We HIGHLY recommend using a maximum-likelihood (or Bayesian) tree-building algorithm outside of R such as IQ-TREE for your tree-based analyses of the simulated sequences. That being said, it is sometimes nice, like here, to build a quick tree to get a sense of what the output of your simulations looks like.
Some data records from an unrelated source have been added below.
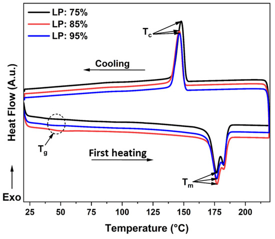 DSC thermograms of PA12 samples with the three laser powers used: LP-75%, LP-85%, and LP-95%.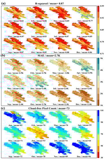 Spatial distribution of R2, MAE, and averaged CPC for each month between 2012 and 2021. (a–c) show the spatial distribution of R2, MAE and CPC in the study time range respectively by month. The total and monthly mean values of these indicators are given in text in the figure.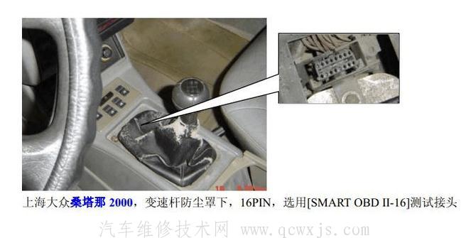 桑塔納99新秀:OBD診斷頭。大眾奧迪系統(tǒng)。OBD診斷頭位置排擋前方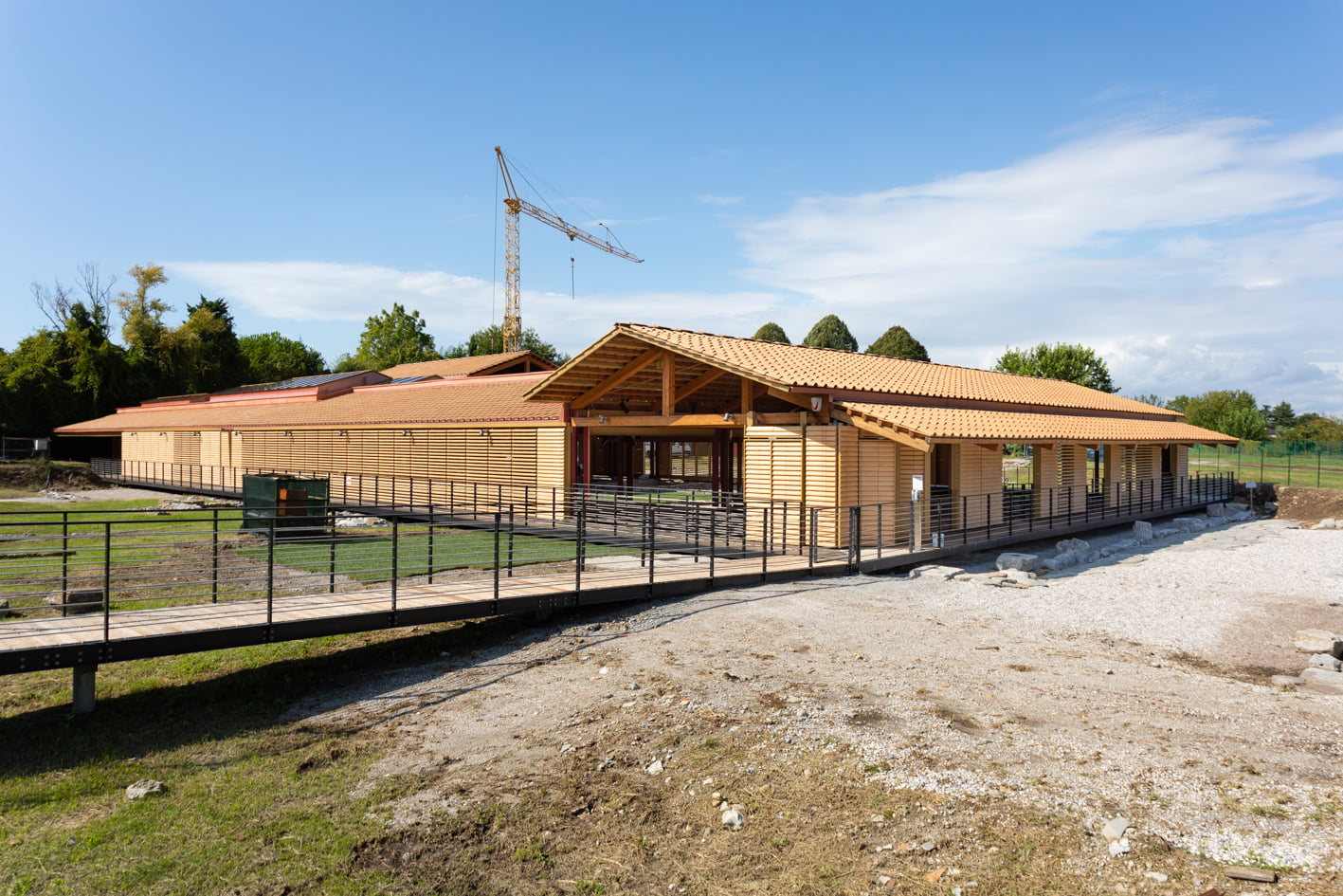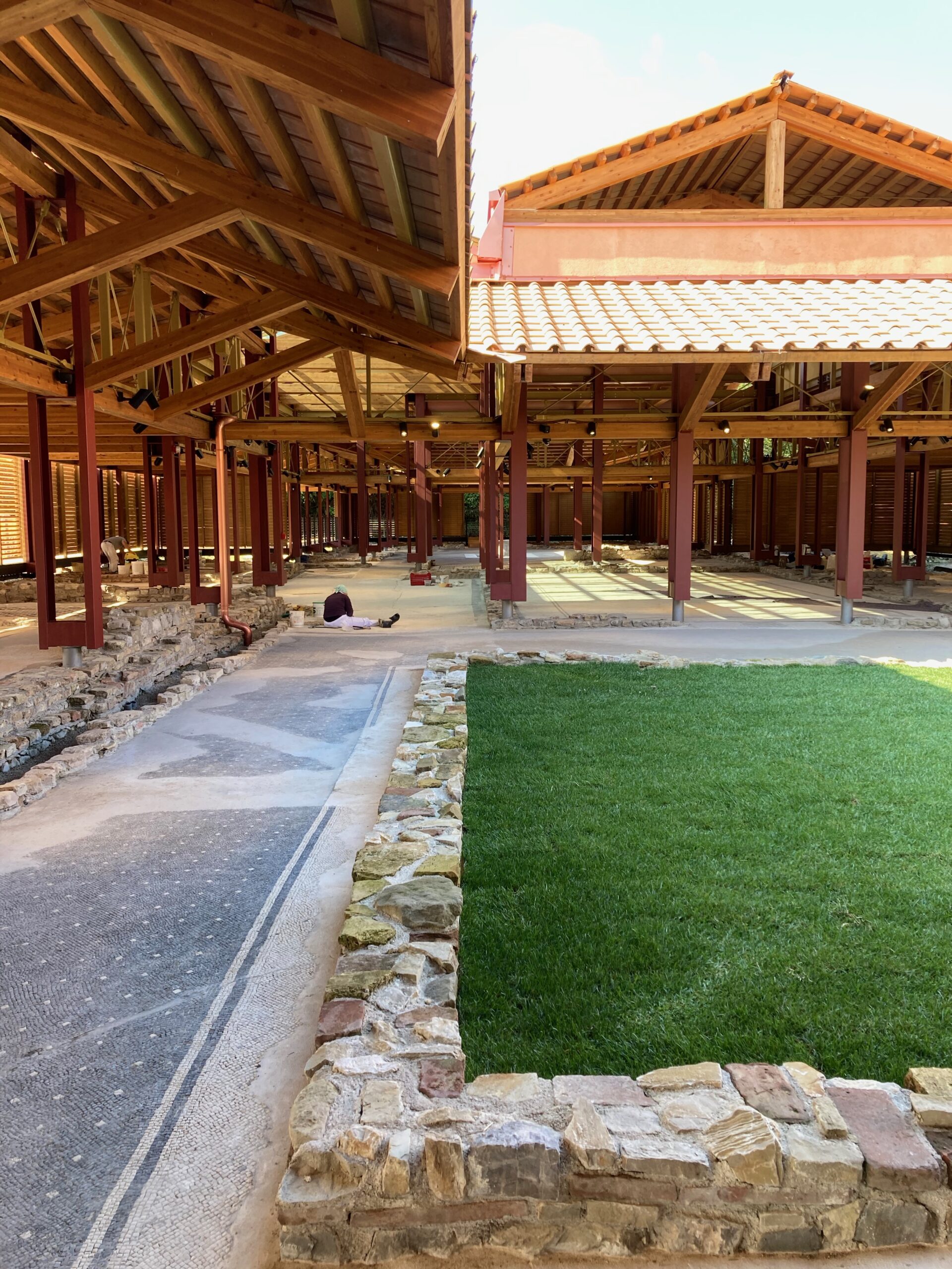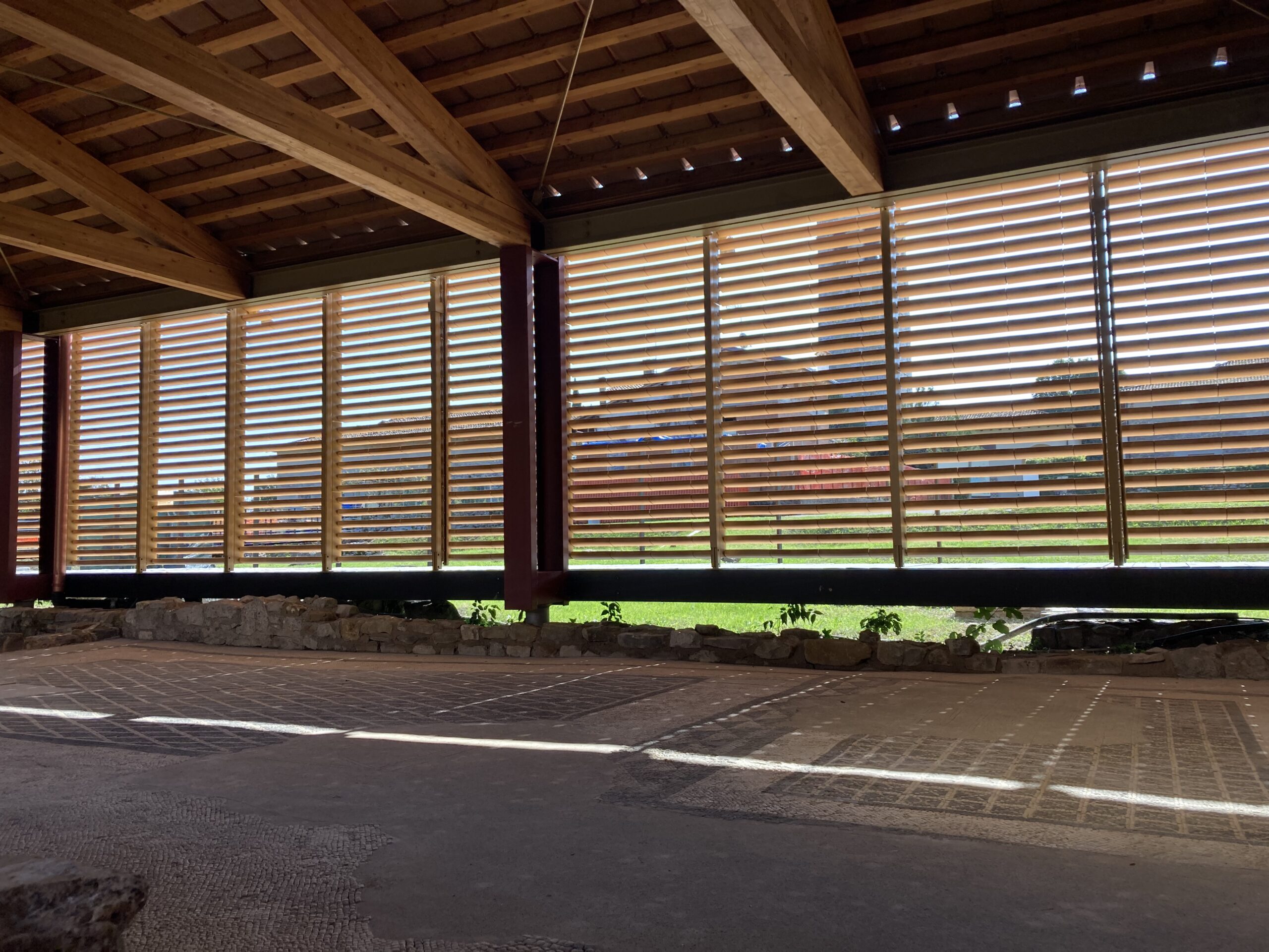 Nelle intenzioni del committente “l’elegante e agile struttura, sostenuta da pilastri d’acciaio verniciato in rosso pompeiano, allude nella sua articolazione ai volumi dell’antica domus: il tetto si compone di un’intelaiatura lignea, che sostiene la copertura in coppi e tegole, ispirati a quelli in uso in età romana, mentre ai lati la struttura è chiusa da elementi in laterizio, orientabili per una ventilazione ottimale dell’area coperta.”

Below is a way to quickly build a tree in R using ape to generate a neighbor-joining tree and phangorn to estimate branch lengths using maximum likelihood. (Note that you can also modify the below code to estimate a full maximum-likelihood tree in R by deleting rearrangement = "none", just be prepared for it to take a long time to run - longer than it would take to run IQ-TREE.)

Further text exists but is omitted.